Chennai gets its first graffiti crew
Four graffiti artists, arguably Chennai's first Graffiti crew, have their names emblazoned on walls all across the city
Chennai: Prasanth Baskaran, 24, remembers the first time he got busted, “I was almost done painting a wall at the Kotturpuram Railway Station when a junior constable caught me at it," he grins. Baskaran was taken to the police station, booked and taken to court, “They levied a fine on me," he recalls.
Luckily the pocket of his paint-flecked jeans yielded ₹ 200. “It was just enough to cover a No Parking fine," he says.
His friend and fellow artist Mohamed Aqueel Hussain, 24 adds: “Every graffiti artist should get busted. It almost is a rite of passage," he says.
The two young men, along with two other city-based graffiti artists, brothers, Deva, 17, and Veera, 19, are part of The Third Kind Graffiti Crew-T3k, arguably Chennai’s first Graffiti crew.
Defacing trees, park benches, electricity poles, public transport and walls with questionable messages (A heart B, God is one and we are sons etc) may not really be a new phenomenon in India. However, graffiti is still a relatively novel spectacle in the country unlike in the West where it emerged in the late 1960s and 1970s.
“People started writing their names on public walls and subway trains: they wanted to leave their mark and see that their name went all over the city. It is normal human instinct, I think," said Baskaran, adding that the art form was often closely associated with the hip-hop movement.

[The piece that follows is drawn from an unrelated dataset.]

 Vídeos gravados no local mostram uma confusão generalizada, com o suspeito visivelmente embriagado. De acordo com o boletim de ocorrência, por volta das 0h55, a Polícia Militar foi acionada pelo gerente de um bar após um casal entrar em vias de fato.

Deva, the youngest member of the crew agrees, “I attended a hip-hop dance class and I heard someone say that there were no graffiti artists in the city. So my brother and I started tagging our names on public walls," he says.
Veera admits to also having got into it due to the hip-hop class. “But I don’t want to comment more about my work," he says
Understandable enough: as Baskaran points out: “It does have elements of vandalism so I can’t go around writing my own name."

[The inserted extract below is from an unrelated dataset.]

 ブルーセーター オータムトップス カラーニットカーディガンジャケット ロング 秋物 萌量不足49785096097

All the four write under pseudonyms: Bhaskaran is Dibs 132, Hussain is Akill, Deva is Siken 02 and Veera is Mugen. And these names are now emblazoned on walls all across the city (with permission from the authorities, though, they are quick to add)

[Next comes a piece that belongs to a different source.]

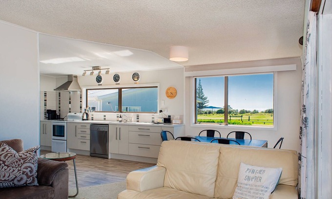 Best-rates for the Waihi Beach house starts from $286 per night with includes Wellness Facilities, Air Conditioner, Parking, Ocean View, Sports/Activities, Bedding/Linens, Laundry, Balcony/Terrace, Entertainment, Child Friendly, Fireplace/Heating, TV, Oceanfront, Security/Safety, Kitchen, Pet Friendly, View, Internet StayAndPlay offers fully equipped golf villas, golf hotels, golf resorts, luxury golf cabins, and exclusive golf retreats, making it easier than ever to find your perfect golf escape — ideal for families, peaceful getaways, or pet-friendly retreats with the whole crew.

Says Hussain, “Graffiti, unlike a lot of other street art, doesn’t really deliver a message. In that sense it is a narcissistic form," he smiles.
According to art historian Georg Zolchow, who curates Chennai’s street art festival, Conquer the Concrete, “True, graffiti doesn’t really have a message: the idea of graffiti is simply painting an invented name in the streets as often and as innovatively as possible. However, in doing so graffiti does question rules and the definition of public spaces. In that sense, it does offer the message of freedom."
He adds that, while compared to graffiti in other parts of the world it is still in its nascent stage in India, there has certainly been an evolution and growth of the art form in the city, “It is really nice to come to a city where graffiti is in its fledging phase," he says, adding, “Right now you can see a lot of influences from other countries in the work out there. However, I do think with time there will be a move towards a more Indian style."
That, says Baskaran, is the dream. “We need to bring in the culture and develop a more Indian style of graffiti," he says, admitting that they try by adding regional motifs and local slang. “People really like that here, I think," he says.
Not everyone does, though. Hussain recalls a recent incident where he was adding a visual component to one of the walls they were working on.
“I had painted a picture of a bald auto-rickshaw driver doing a wheelie when a police officer walked up to me and asked me to change it. He said it looked like former Tamil Nadu chief minister, M. Karunanidhi," he says, sounding a trifle miffed. Then he brightens up and admits, “I just added lots of hair."